TASK GOAL = Using the data below, transcribe exactly everything from the line that contains "В Казахстане в" down to the line that contains "术方天成 康泽众生 为您分享腰肌劳损日常保养". Include both of those lines and none of the pictures.

TASK MATERIAL =
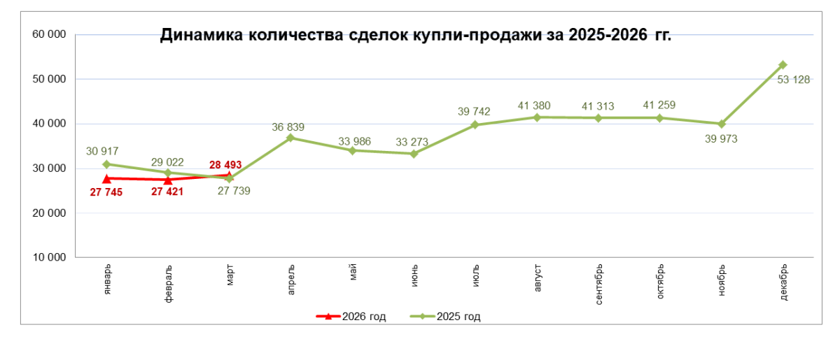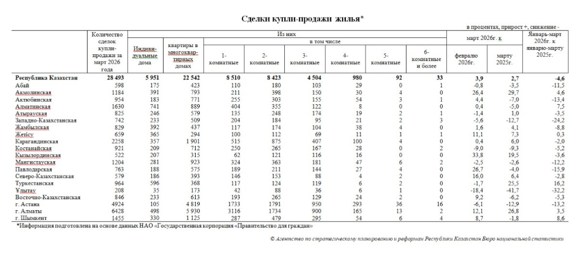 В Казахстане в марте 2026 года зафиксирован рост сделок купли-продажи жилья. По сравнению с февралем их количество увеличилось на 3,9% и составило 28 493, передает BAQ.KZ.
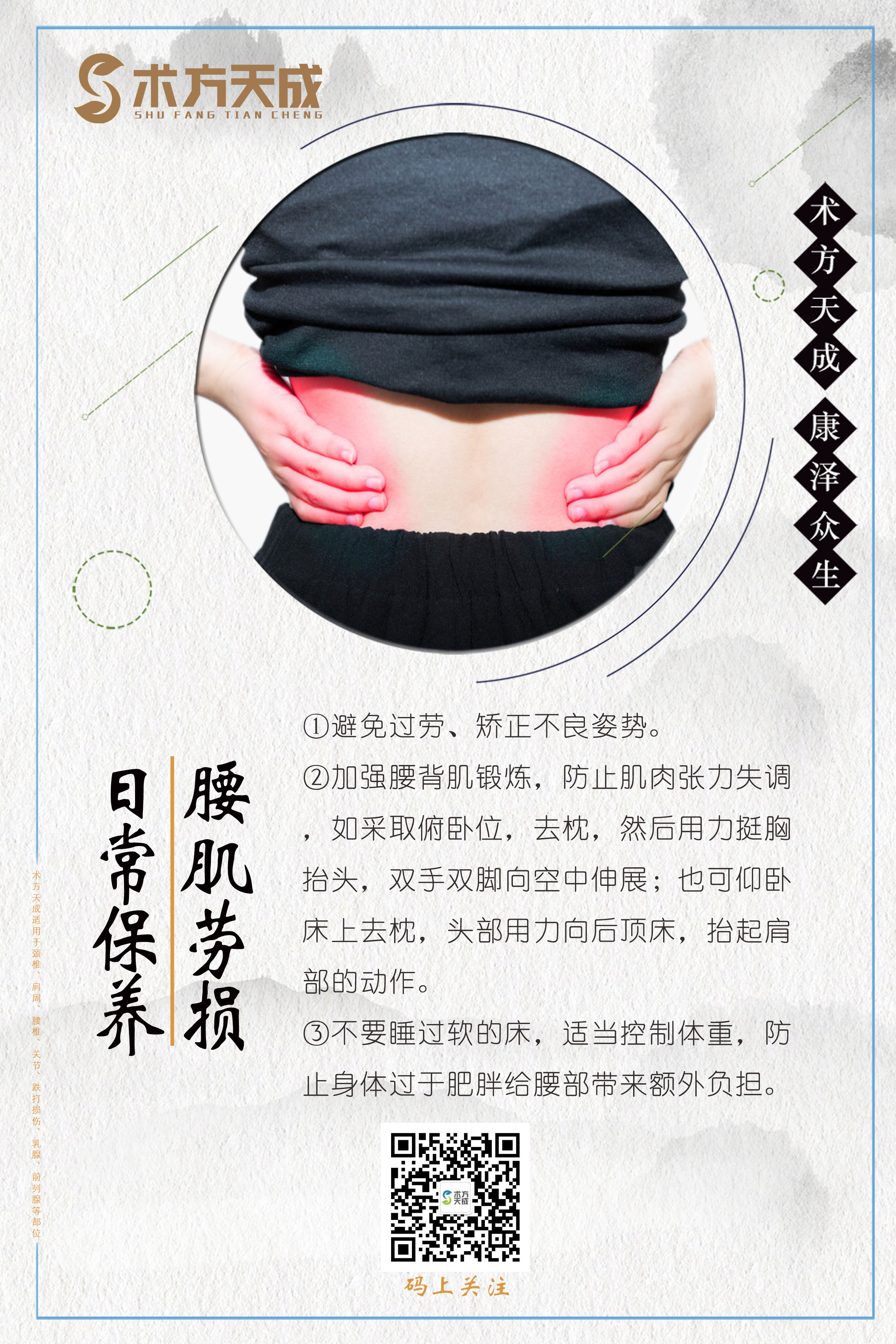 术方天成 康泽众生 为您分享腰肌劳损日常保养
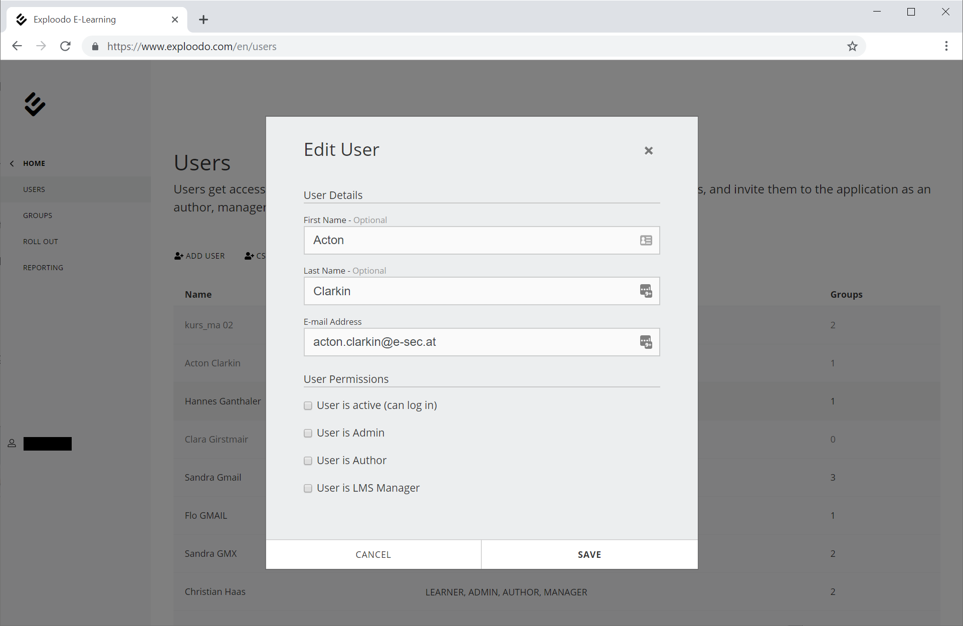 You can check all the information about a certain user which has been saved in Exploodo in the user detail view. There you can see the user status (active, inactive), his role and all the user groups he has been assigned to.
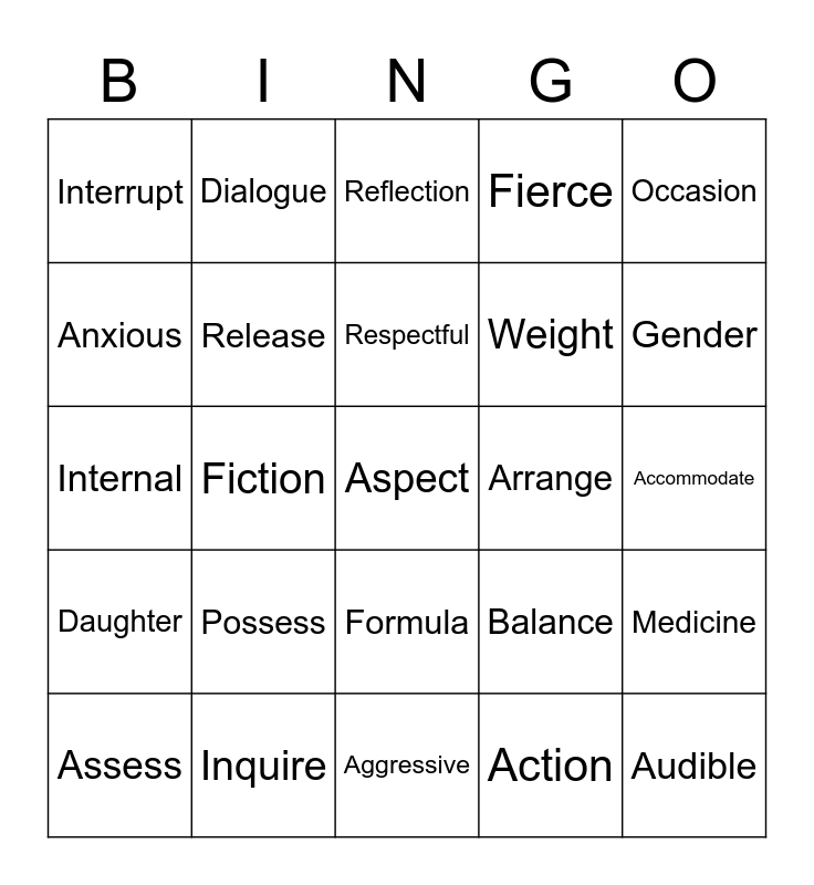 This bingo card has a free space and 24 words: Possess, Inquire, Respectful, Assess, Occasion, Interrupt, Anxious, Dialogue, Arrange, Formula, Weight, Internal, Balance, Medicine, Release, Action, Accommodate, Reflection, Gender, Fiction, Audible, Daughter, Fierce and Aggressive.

--

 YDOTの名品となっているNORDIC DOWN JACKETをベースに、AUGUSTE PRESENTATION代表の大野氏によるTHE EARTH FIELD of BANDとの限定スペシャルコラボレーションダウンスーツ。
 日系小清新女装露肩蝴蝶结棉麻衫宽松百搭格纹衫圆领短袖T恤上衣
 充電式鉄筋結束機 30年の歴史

---

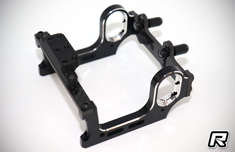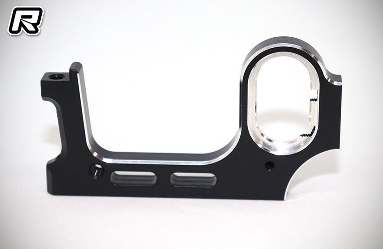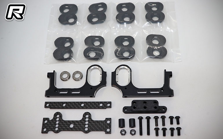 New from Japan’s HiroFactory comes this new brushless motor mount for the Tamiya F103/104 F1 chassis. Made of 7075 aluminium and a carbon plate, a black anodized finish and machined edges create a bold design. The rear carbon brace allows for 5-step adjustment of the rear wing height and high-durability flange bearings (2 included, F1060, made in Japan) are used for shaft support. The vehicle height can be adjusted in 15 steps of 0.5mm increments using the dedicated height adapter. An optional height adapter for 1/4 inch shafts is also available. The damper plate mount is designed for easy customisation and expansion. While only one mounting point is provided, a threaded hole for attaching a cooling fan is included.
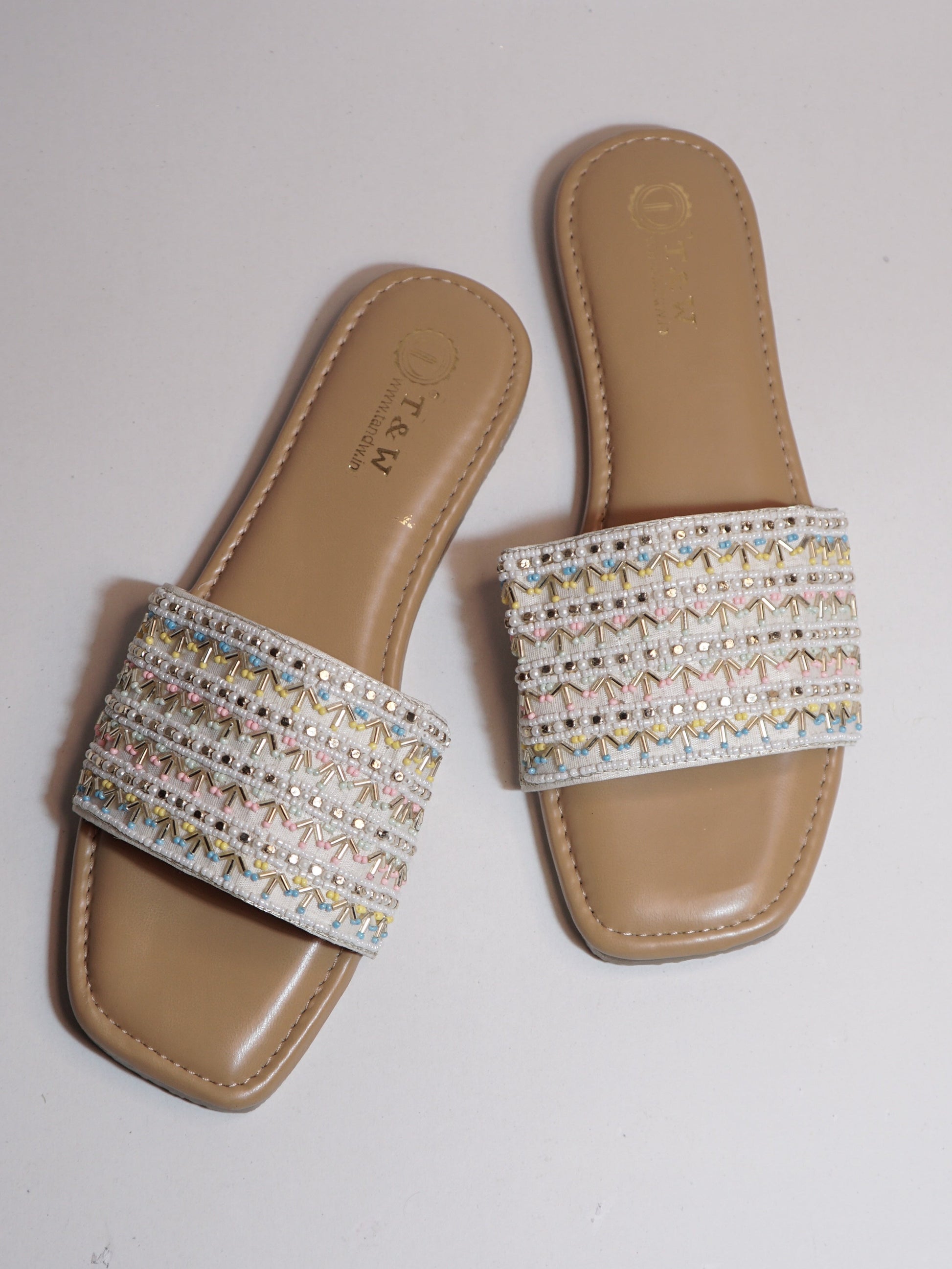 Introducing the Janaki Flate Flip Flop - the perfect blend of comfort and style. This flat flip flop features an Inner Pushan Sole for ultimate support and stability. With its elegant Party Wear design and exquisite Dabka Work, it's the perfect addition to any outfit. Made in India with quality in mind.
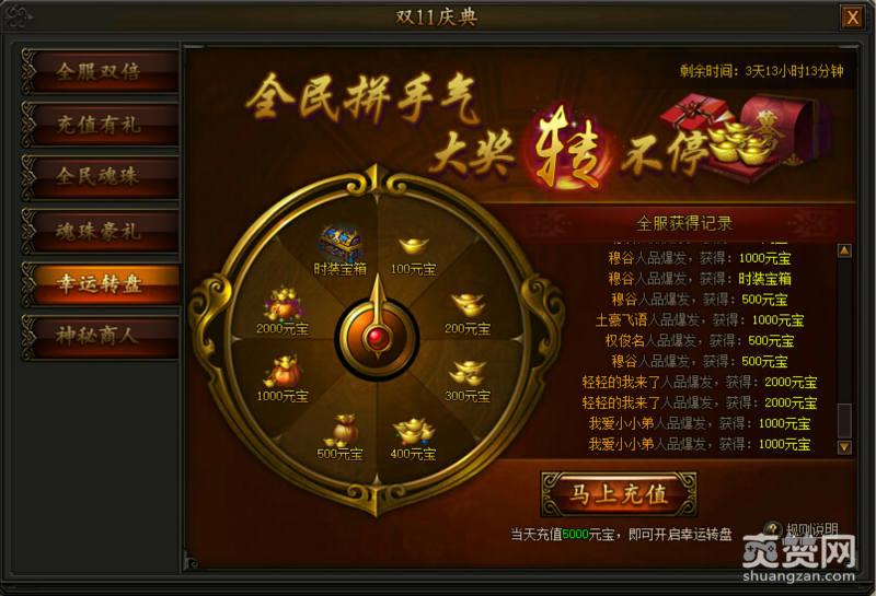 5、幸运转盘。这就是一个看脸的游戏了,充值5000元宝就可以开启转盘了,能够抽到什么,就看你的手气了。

SOLVED EXERCISE =
 В Казахстане в марте 2026 года зафиксирован рост сделок купли-продажи жилья. По сравнению с февралем их количество увеличилось на 3,9% и составило 28 493, передает BAQ.KZ.
 术方天成 康泽众生 为您分享腰肌劳损日常保养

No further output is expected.